[Dataset excerpts]
────────────────────────────────────────

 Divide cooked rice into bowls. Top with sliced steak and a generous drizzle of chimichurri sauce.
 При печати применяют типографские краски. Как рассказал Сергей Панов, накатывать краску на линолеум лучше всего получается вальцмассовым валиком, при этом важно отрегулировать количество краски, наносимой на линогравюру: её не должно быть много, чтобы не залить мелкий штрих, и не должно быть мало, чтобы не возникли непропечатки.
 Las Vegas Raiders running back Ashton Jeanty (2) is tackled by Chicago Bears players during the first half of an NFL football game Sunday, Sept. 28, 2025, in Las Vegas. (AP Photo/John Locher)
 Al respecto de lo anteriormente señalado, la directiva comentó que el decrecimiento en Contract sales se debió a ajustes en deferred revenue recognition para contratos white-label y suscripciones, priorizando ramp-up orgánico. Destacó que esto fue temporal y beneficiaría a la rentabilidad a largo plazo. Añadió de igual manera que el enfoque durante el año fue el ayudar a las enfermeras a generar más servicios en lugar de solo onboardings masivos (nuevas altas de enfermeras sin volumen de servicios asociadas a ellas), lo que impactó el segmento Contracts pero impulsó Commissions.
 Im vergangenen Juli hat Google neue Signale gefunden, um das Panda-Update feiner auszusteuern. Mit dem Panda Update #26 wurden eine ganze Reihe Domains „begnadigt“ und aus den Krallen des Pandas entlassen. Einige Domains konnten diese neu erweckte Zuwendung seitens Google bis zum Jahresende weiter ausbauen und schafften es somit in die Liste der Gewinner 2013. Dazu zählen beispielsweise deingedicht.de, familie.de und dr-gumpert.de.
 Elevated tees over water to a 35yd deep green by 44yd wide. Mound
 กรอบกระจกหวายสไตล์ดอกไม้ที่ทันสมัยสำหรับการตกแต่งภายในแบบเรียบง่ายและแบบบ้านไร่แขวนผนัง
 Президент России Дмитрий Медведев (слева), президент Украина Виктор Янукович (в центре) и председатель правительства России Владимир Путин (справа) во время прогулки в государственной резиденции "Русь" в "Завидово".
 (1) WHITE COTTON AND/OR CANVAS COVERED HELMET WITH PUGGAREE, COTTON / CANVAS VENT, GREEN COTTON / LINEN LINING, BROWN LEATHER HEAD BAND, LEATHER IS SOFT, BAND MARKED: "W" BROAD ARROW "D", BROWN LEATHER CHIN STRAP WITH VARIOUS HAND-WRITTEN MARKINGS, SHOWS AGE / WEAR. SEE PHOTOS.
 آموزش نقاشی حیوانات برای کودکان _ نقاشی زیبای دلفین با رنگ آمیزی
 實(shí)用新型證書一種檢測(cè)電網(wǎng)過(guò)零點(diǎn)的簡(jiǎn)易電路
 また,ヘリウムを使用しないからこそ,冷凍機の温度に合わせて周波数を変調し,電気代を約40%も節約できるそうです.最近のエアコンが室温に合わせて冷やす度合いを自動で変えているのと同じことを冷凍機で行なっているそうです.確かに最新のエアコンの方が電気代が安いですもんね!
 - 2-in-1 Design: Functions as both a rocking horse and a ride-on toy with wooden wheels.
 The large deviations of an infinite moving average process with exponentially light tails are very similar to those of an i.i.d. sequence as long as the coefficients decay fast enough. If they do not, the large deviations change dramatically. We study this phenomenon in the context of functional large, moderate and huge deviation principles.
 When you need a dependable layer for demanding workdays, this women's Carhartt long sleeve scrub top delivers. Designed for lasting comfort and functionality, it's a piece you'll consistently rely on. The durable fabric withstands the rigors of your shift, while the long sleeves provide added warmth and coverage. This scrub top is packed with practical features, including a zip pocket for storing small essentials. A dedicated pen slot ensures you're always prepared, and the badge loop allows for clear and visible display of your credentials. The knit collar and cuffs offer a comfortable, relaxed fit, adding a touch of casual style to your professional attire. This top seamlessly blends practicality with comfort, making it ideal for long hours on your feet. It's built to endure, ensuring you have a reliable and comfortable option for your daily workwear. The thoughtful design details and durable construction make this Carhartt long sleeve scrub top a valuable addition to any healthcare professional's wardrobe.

────────────────────────────────────────

* **EXERCISE DIRECTIONS**
When the line with "(1) WHITE COTTON" is reached in the data above, start copying there, and copy each line exactly until the line with "- 2-in-1 Design: Functions" has been copied; copy nothing else.

* **SOLUTION BELOW**
 (1) WHITE COTTON AND/OR CANVAS COVERED HELMET WITH PUGGAREE, COTTON / CANVAS VENT, GREEN COTTON / LINEN LINING, BROWN LEATHER HEAD BAND, LEATHER IS SOFT, BAND MARKED: "W" BROAD ARROW "D", BROWN LEATHER CHIN STRAP WITH VARIOUS HAND-WRITTEN MARKINGS, SHOWS AGE / WEAR. SEE PHOTOS.
 آموزش نقاشی حیوانات برای کودکان _ نقاشی زیبای دلفین با رنگ آمیزی
 實(shí)用新型證書一種檢測(cè)電網(wǎng)過(guò)零點(diǎn)的簡(jiǎn)易電路
 また,ヘリウムを使用しないからこそ,冷凍機の温度に合わせて周波数を変調し,電気代を約40%も節約できるそうです.最近のエアコンが室温に合わせて冷やす度合いを自動で変えているのと同じことを冷凍機で行なっているそうです.確かに最新のエアコンの方が電気代が安いですもんね!
 - 2-in-1 Design: Functions as both a rocking horse and a ride-on toy with wooden wheels.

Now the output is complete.